Your assignment —
Everything from the line containing "gennaio 7, 2015" to the end of the listing, both included, should be returned exactly, apart from the pictures.
━━━━━━
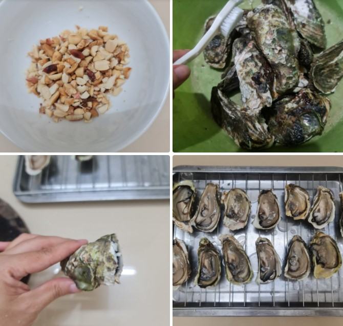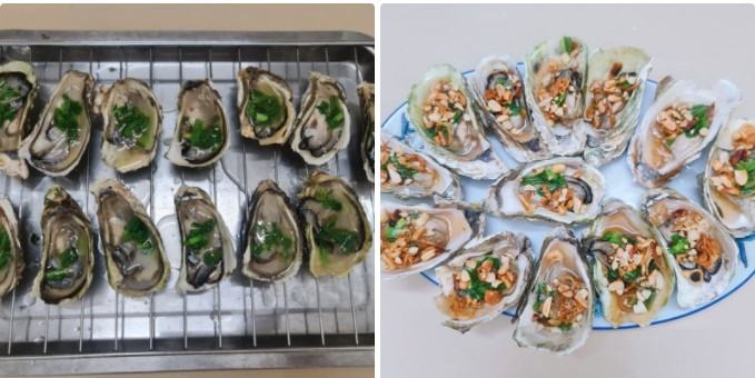 Hàu đã nướng xong thì bạn xếp ra dĩa, thêm vào 1 ít hành phi và rắc thêm một ít đậu phộng để tăng thêm hương vị cho món nướng là hoàn thành.
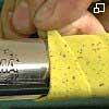 En el otro extremo doblaremos los bordes de la cinta hacia dentro del tubo del
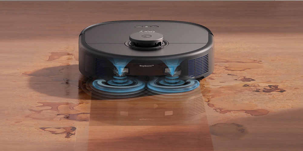 Per quanto riguarda il lavaggio, il sistema MopMaster 2.0 si avvale di due mop rotanti che esercitano una pressione verso il basso di 1 kg e ruotano a 180 giri al minuto, garantendo elevate prestazioni su pavimenti in ceramica e parquet.
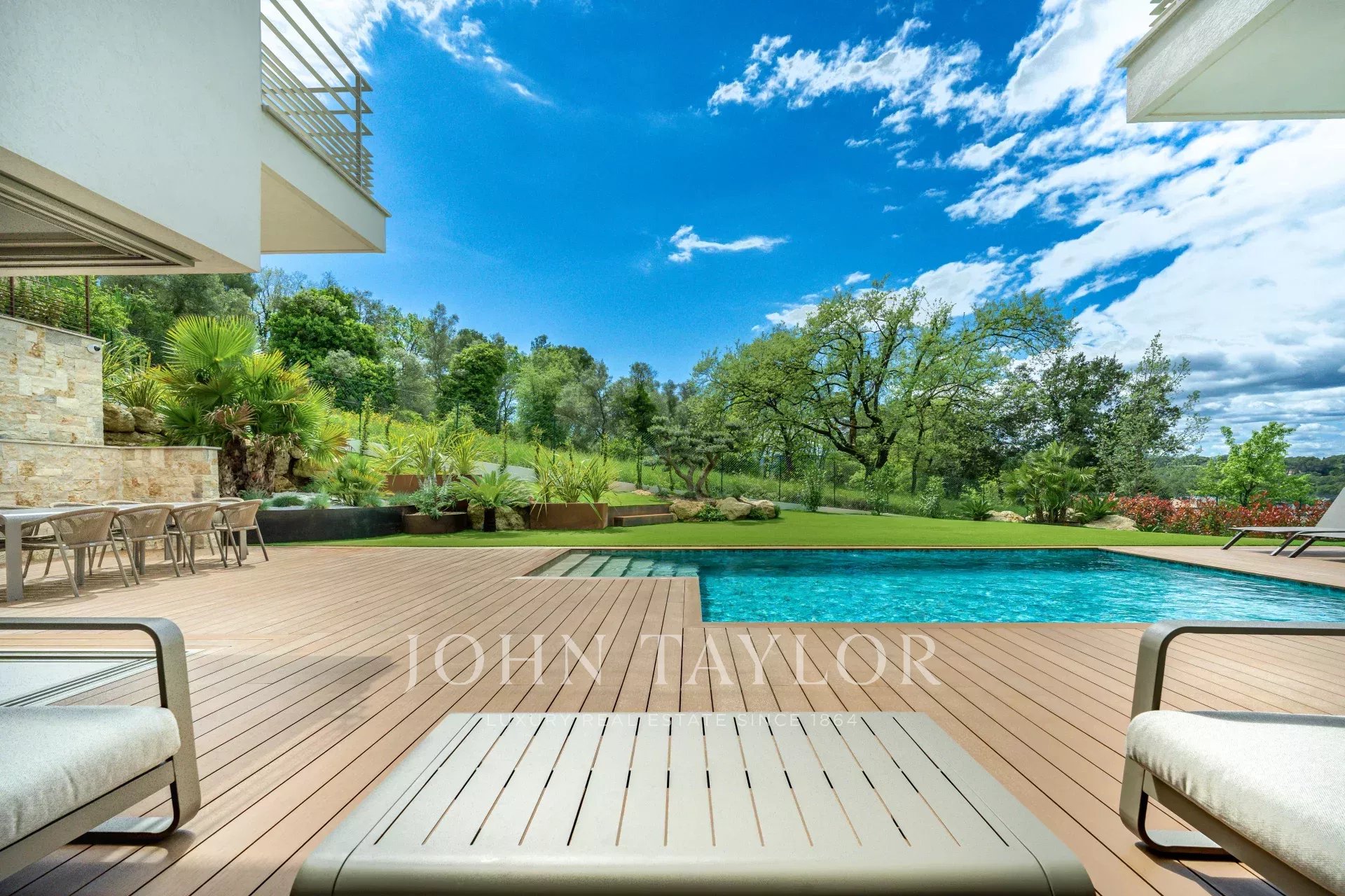 Climatizzata per un comfort totale in tutte le stagioni, la proprietà è immersa in 1.000 m² di terreno, con un'elegante piscina e posti auto.
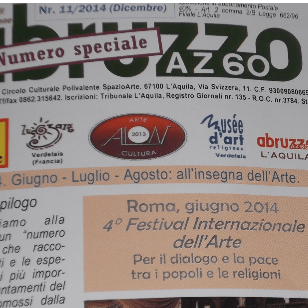 gennaio 7, 2015 L’opera “La Piccola Matita di Dio: Madre Teresa” sul periodico Abruzzo AZ60 di Emidio Di Carlo Direttore e Critico d’arte Continua a leggere →
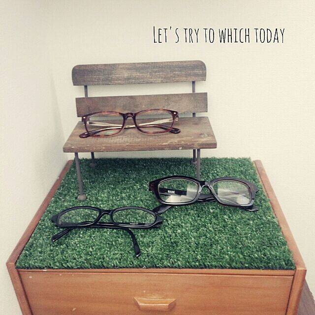 こちらは、洗面所のチェストの上に人工芝を敷いて、めがね置き場にしています。芝生にベンチがあればとたんに公園風に!洗面所は細かいものが多いですが、めがねの指定席を作ってあげれば探さなくて済みますね。
━━━━━━
Task output —
 gennaio 7, 2015 L’opera “La Piccola Matita di Dio: Madre Teresa” sul periodico Abruzzo AZ60 di Emidio Di Carlo Direttore e Critico d’arte Continua a leggere →
 こちらは、洗面所のチェストの上に人工芝を敷いて、めがね置き場にしています。芝生にベンチがあればとたんに公園風に!洗面所は細かいものが多いですが、めがねの指定席を作ってあげれば探さなくて済みますね。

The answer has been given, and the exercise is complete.